Excerpts from a dataset:
↓↓↓
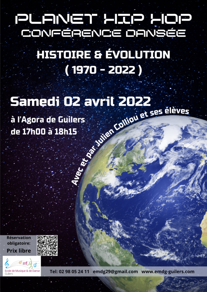 Samedi 2 avril à l’Agora,Guilers, 17h, Julien Colliou, enseignant danse hip hop, danseur, vous donne rendez-vous pour une conférence dansée sur l’histoire et l’évolution de cette danse, mais également cette culture.
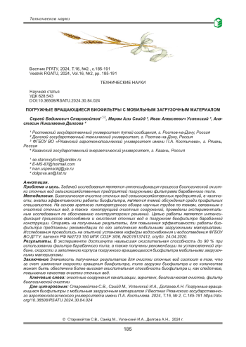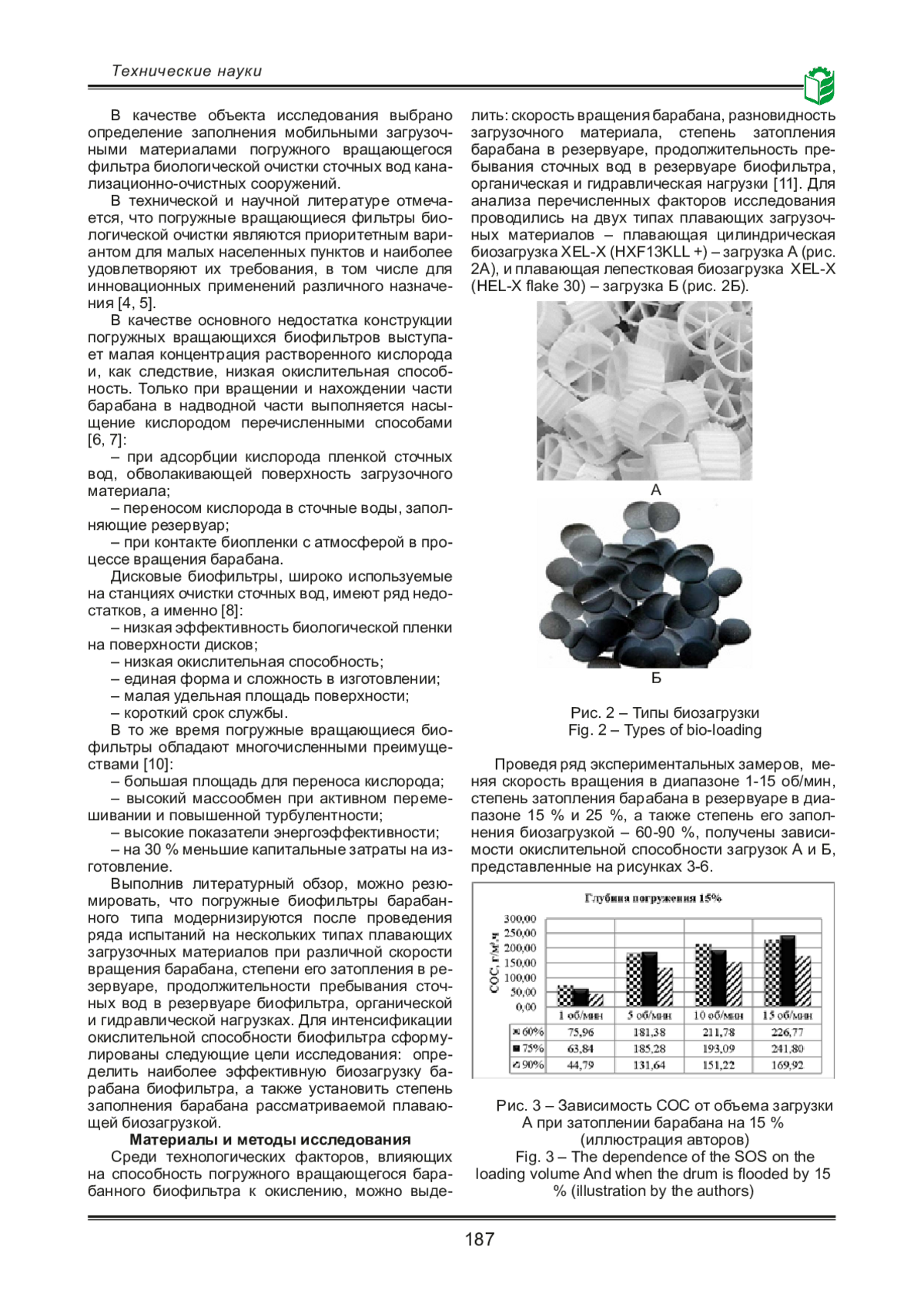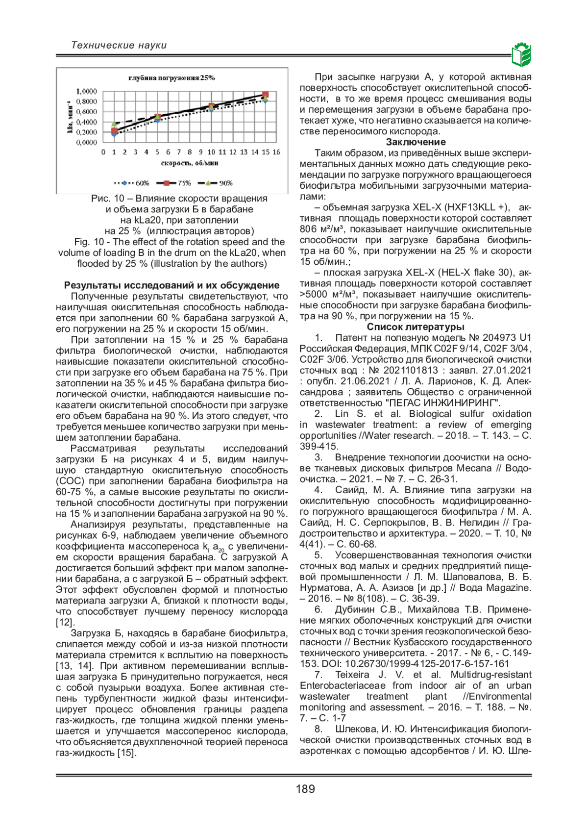 Заключение. Значимость полученных результатов для очистки сточных вод состоит в том, что за счет изменения скорости вращения биофильтра, типа загрузки биофильтра и ее количества может быть обеспечена более высокая окислительная способность биофильтра и, как следствие, повышение качества очистки сточных вод.
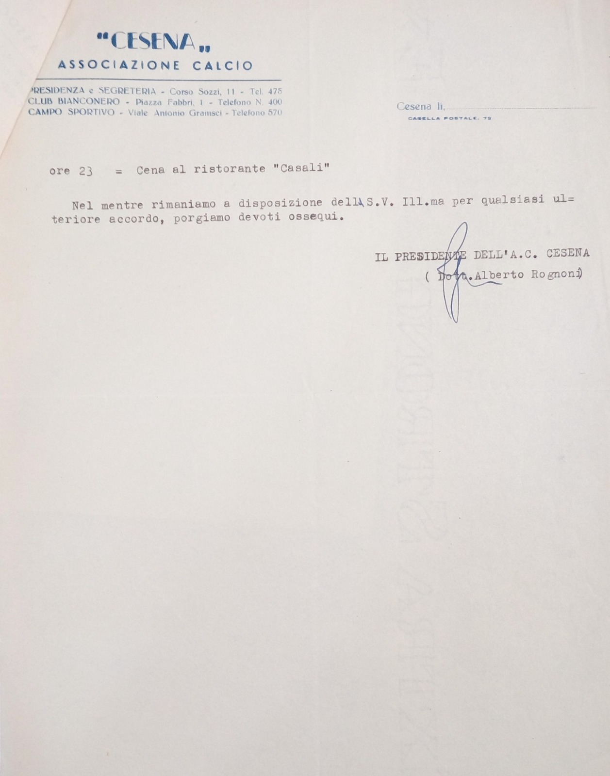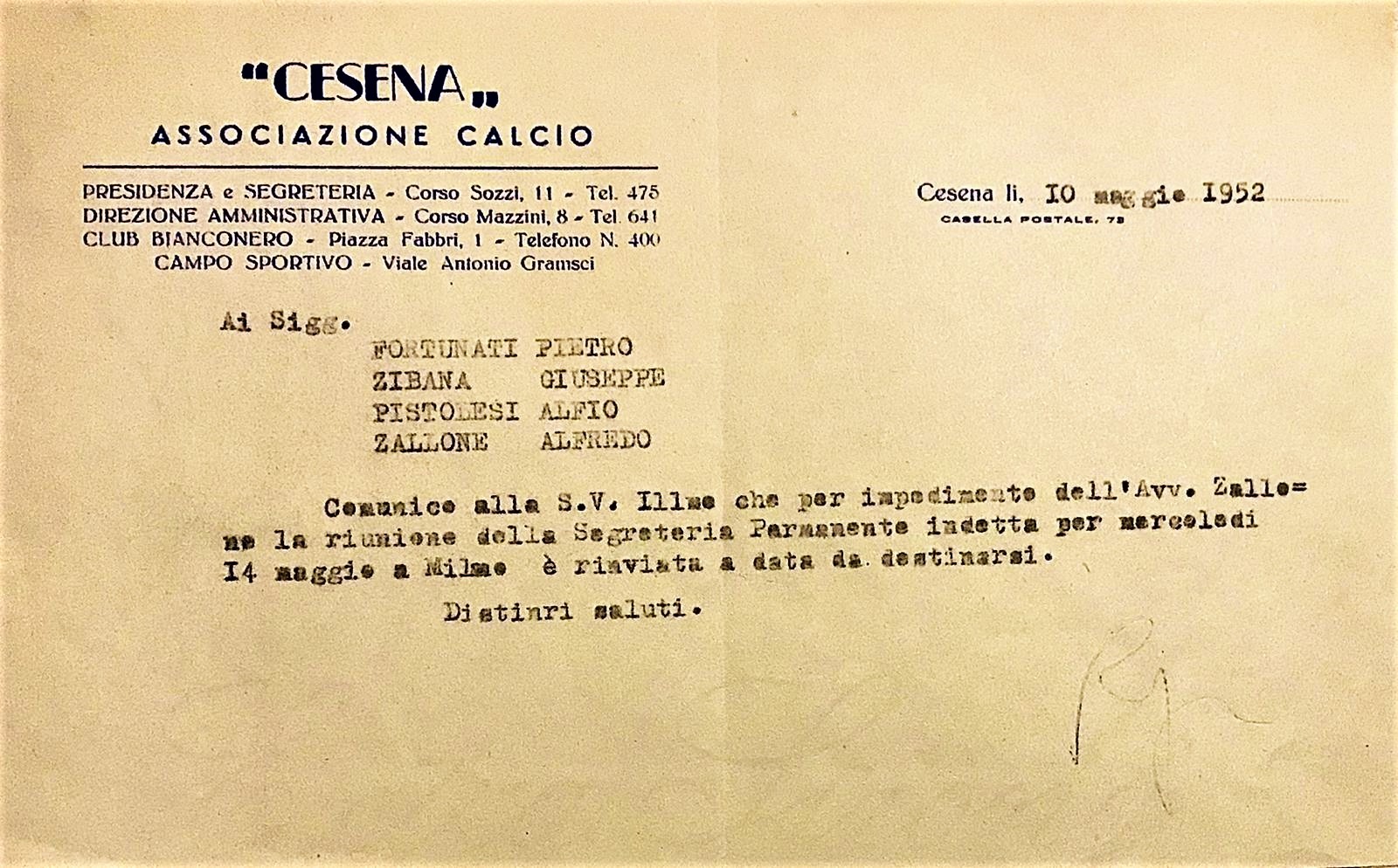 Carta intestata A.C. Cesena 1952-53 con firma Presidente Rognoni
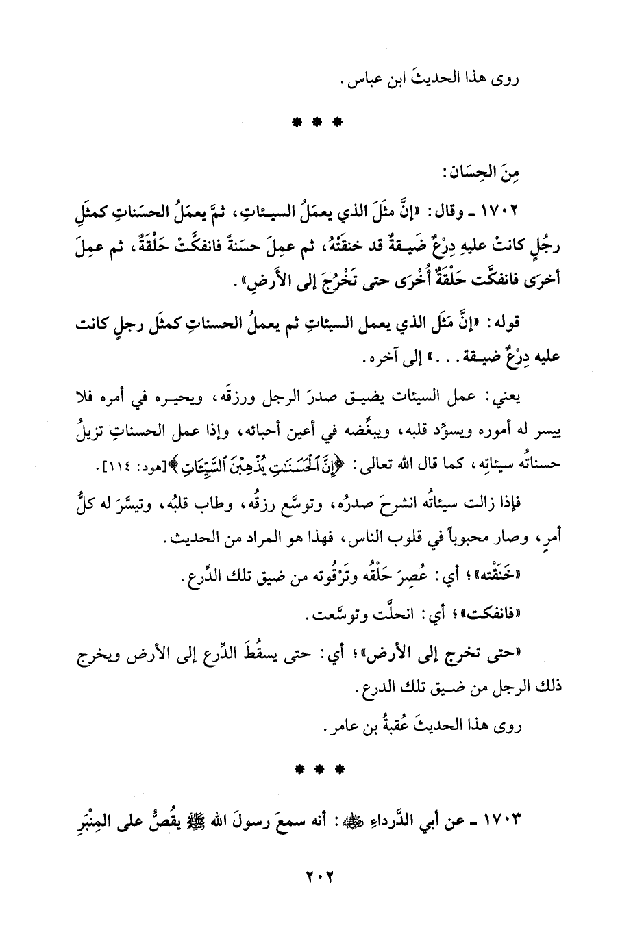 1702 - وقال: "إنَّ مثَلَ الذي يعمَلُ السيئاتِ، ثمَّ يعمَلُ الحسَناتِ كمثَلِ رجُلٍ كانتْ عليهِ دِرْعٌ ضَيقةٌ قد خنقَتْهُ، ثم عمِلَ حسَنةً فانفكَّتْ حَلْقَةٌ، ثم عمِلَ أخرَى فانفكَّت حَلْقَةٌ أُخْرَى حتى تَخْرُجَ إلى الأَرضِ".
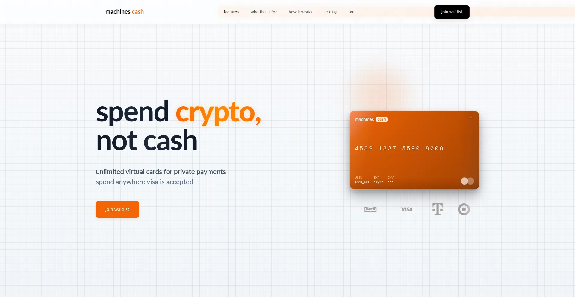 unlimited virtual cards for private crypto payments. spend anywhere visa is accepted. like apple's hide my email, for crypto payments.
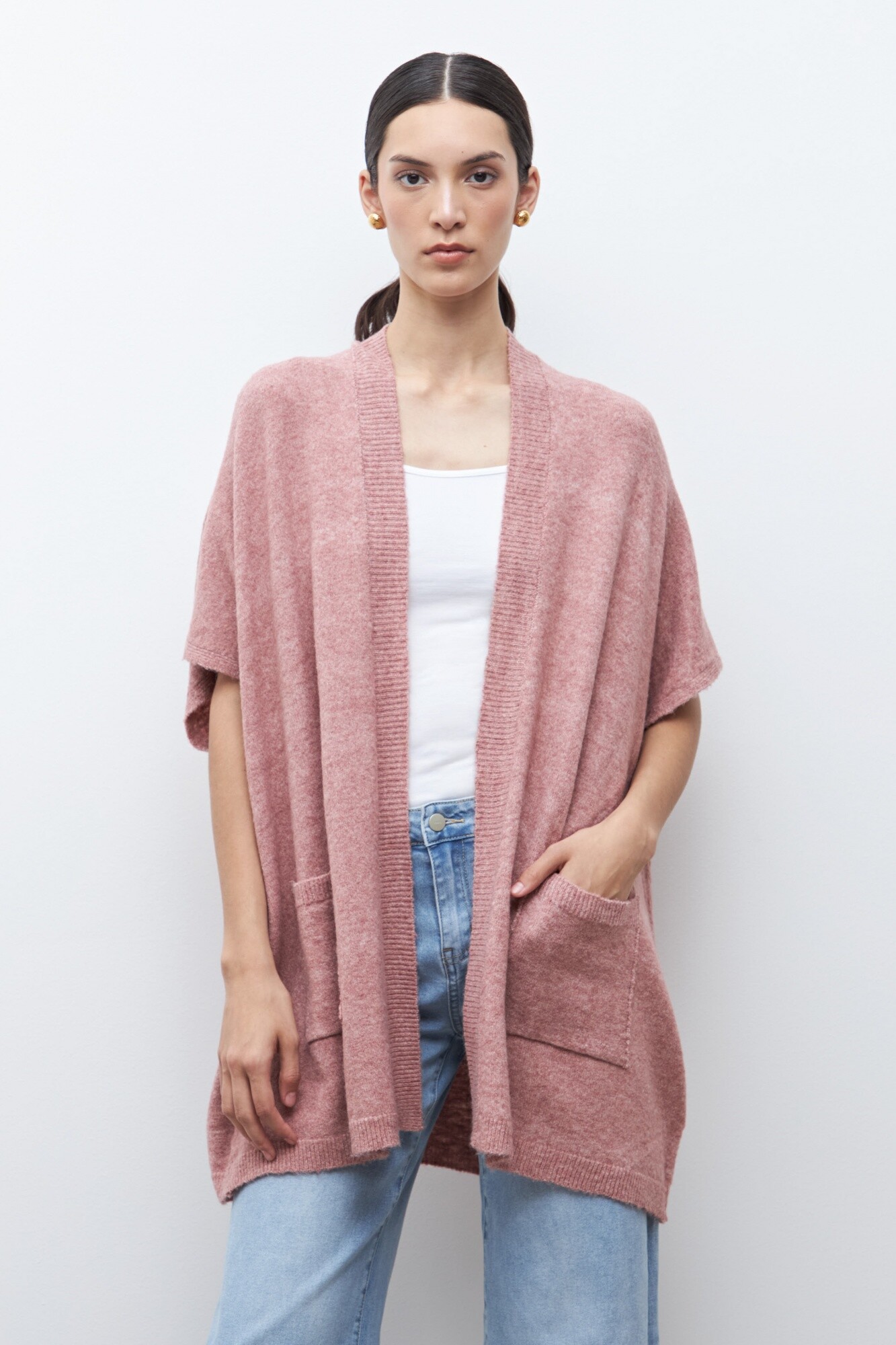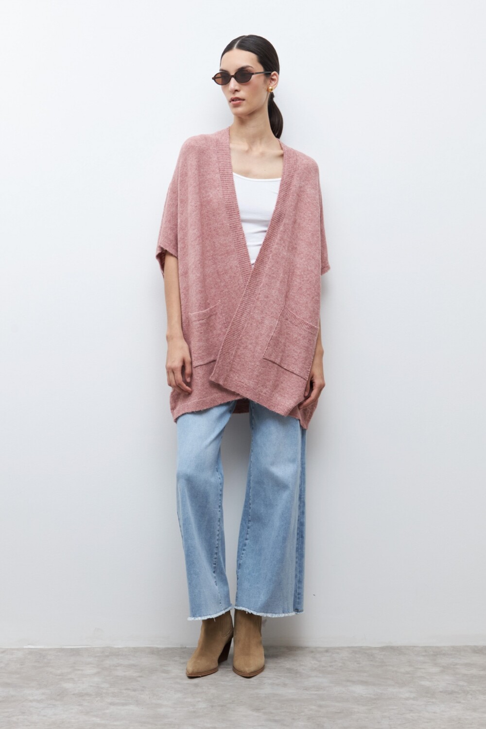 Ruana clásica - rosa melange
↑↑↑
**Task description**
Without the pictures, give all of the entries above again exactly.

**Written solution**
 Samedi 2 avril à l’Agora,Guilers, 17h, Julien Colliou, enseignant danse hip hop, danseur, vous donne rendez-vous pour une conférence dansée sur l’histoire et l’évolution de cette danse, mais également cette culture.
 Заключение. Значимость полученных результатов для очистки сточных вод состоит в том, что за счет изменения скорости вращения биофильтра, типа загрузки биофильтра и ее количества может быть обеспечена более высокая окислительная способность биофильтра и, как следствие, повышение качества очистки сточных вод.
 Carta intestata A.C. Cesena 1952-53 con firma Presidente Rognoni
 1702 - وقال: "إنَّ مثَلَ الذي يعمَلُ السيئاتِ، ثمَّ يعمَلُ الحسَناتِ كمثَلِ رجُلٍ كانتْ عليهِ دِرْعٌ ضَيقةٌ قد خنقَتْهُ، ثم عمِلَ حسَنةً فانفكَّتْ حَلْقَةٌ، ثم عمِلَ أخرَى فانفكَّت حَلْقَةٌ أُخْرَى حتى تَخْرُجَ إلى الأَرضِ".
 unlimited virtual cards for private crypto payments. spend anywhere visa is accepted. like apple's hide my email, for crypto payments.
 Ruana clásica - rosa melange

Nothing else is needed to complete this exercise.